ASSIGNMENT
Count up the lines of the data below that contain the string "during", then give only the total.

DATA

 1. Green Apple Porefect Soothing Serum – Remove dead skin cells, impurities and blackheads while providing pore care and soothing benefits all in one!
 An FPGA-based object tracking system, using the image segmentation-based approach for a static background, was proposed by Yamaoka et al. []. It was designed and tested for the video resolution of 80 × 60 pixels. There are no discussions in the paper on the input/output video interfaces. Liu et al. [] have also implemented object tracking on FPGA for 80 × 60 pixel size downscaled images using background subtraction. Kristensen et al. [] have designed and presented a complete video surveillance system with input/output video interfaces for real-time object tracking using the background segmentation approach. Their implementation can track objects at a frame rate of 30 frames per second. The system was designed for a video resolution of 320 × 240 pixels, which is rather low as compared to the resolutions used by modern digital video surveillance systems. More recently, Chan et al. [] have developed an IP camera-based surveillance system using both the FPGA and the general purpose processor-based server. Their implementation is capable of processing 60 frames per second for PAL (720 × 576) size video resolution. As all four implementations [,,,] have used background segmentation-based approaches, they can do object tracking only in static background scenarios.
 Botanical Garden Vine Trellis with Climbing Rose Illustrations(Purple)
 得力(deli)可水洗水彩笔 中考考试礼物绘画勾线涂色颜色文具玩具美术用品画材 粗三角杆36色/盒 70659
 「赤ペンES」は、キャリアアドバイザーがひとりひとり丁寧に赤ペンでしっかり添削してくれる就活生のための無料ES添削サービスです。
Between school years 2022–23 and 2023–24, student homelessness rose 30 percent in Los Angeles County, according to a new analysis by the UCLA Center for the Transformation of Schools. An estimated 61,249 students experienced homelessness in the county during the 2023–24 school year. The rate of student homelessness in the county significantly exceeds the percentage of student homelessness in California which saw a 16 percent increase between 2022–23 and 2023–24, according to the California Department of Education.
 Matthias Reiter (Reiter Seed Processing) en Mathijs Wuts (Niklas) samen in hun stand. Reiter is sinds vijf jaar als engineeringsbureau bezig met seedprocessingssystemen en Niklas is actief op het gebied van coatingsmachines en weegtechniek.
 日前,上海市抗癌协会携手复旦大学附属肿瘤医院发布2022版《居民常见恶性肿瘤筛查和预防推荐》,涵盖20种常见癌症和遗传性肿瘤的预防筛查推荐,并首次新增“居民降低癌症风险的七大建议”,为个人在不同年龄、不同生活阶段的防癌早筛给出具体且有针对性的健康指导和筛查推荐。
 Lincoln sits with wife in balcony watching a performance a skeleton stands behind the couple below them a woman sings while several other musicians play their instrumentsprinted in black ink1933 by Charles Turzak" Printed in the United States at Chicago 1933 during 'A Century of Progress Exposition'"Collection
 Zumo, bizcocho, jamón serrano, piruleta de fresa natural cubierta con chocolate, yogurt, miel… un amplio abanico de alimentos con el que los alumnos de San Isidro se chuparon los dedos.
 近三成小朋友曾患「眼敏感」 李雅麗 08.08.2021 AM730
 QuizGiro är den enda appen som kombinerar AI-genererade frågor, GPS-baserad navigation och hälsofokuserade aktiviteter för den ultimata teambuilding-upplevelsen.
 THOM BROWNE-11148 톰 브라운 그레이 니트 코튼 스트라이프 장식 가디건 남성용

ANSWER FOR THIS EXERCISE
2